Efficient Resource Planning of Employees in Companies
August 26, 2024 | 7 min
Who does what and when? This core question, to which project management should provide an answer, includes the dimensions of time or deadlines (when), content (what) and people (who): Which people complete which tasks by which date. While the implementation of the content requirements is the responsibility of the respective employees from the specialist departments, project management is responsible for deadline management and, in some cases, resource planning. In the project environment, resources are generally understood to be the employees, as their availability is most often limited and they therefore represent the bottleneck resources in the project.
Definition of Resource Planning for Employees in Projects
Resource planning or resource management is a central component of project management and primarily involves the planning of people who are required and deployed to fulfill the tasks. As such, resource planning is always linked to the scheduling and cost planning of a project.
Why Resource Planning Is so Important
In most initiatives, project team members are the most important and scarcest resources. Efficient resource planning is therefore of great benefit to both the employees themselves and the organization. The prerequisite for this is that all capacity reductions – all activities from all future and current projects as well as from line activities and from vacations, further training or other absences – are considered.

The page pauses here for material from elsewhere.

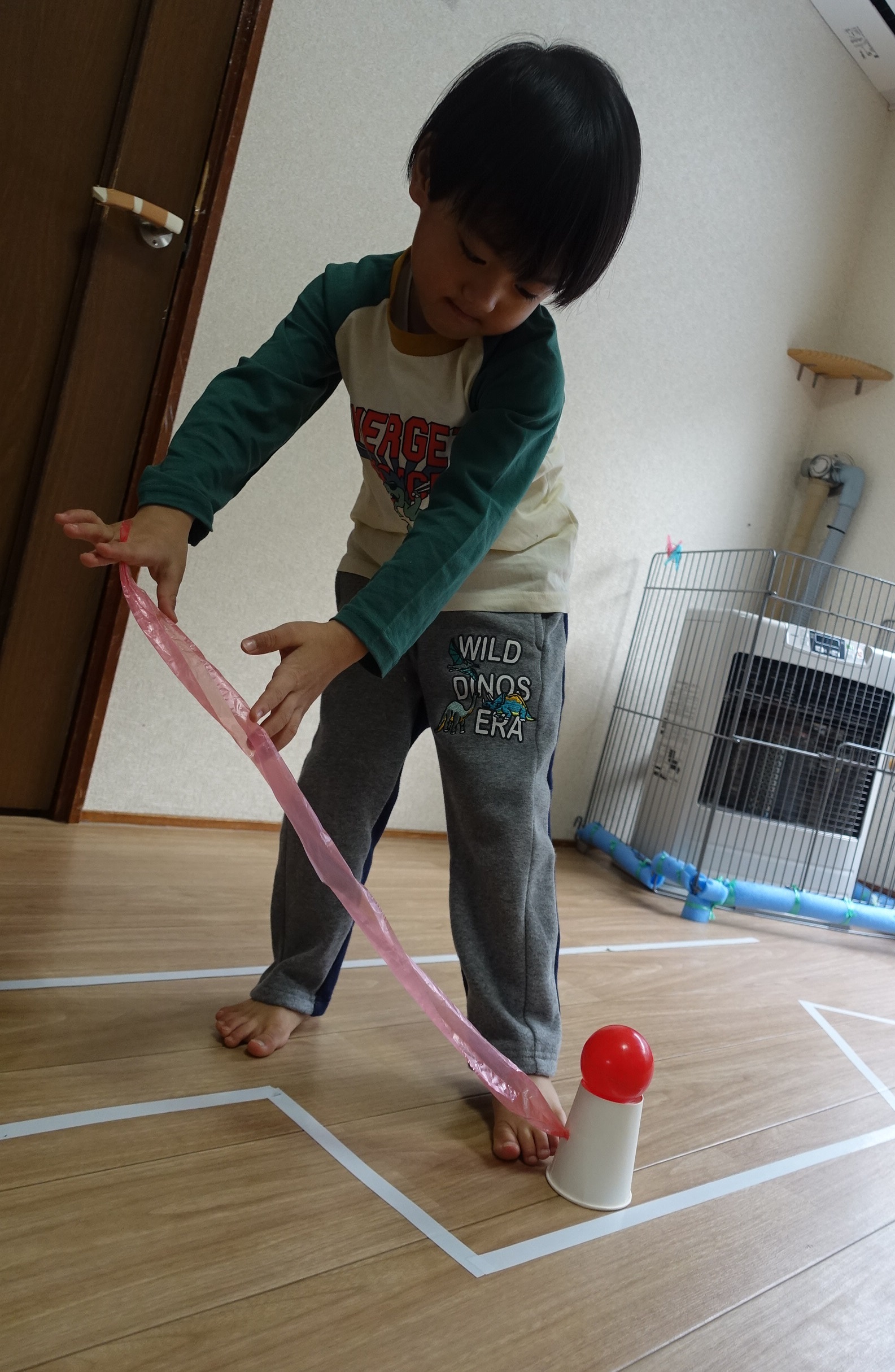 ひもを ゆっくり引っ張りながら 落ちないように運びます💪

- Protection against overloads
Comprehensive resource planning shows the current and future workload and available capacities of individual organizational units such as teams or departments. Overloads are already recognized during the planning phase and can thus be avoided. Depending on the planning granularity and maturity level of the organization, overloads also become visible at role and person level.
- More fairness through even load distribution
With role-based resource planning for employees, it is possible to consciously involve individual departments more in the project work or to keep them out. This is particularly useful for roles that are not based on department-specific expertise. For example, a person from the finance department who has project management expertise and experience could also lead an IT project. This would slightly reduce the burden on the IT department, as they wouldn’t need to provide a project manager. This approach contributes to a fairer distribution of workload.
- Realistic portfolio management
A company’s employees are often the limiting factor in how many initiatives can be implemented at all. Comprehensive portfolio management therefore always has an eye on the workload situation of departments and employees, especially key resources. A rough resource plan for employees should already be in place when applying for a project: this makes overloads visible and avoidable.
- Good make-or-buy decisions
Certain initiatives – such as the implementation of laws – cannot be postponed, even if they would lead to an overload situation. Instead, ongoing projects would have to be paused or interrupted. Thanks to effective resource planning, organizations can make data-based and reliable decisions on whether it is worthwhile to outsource sub-projects or entire projects to external service providers.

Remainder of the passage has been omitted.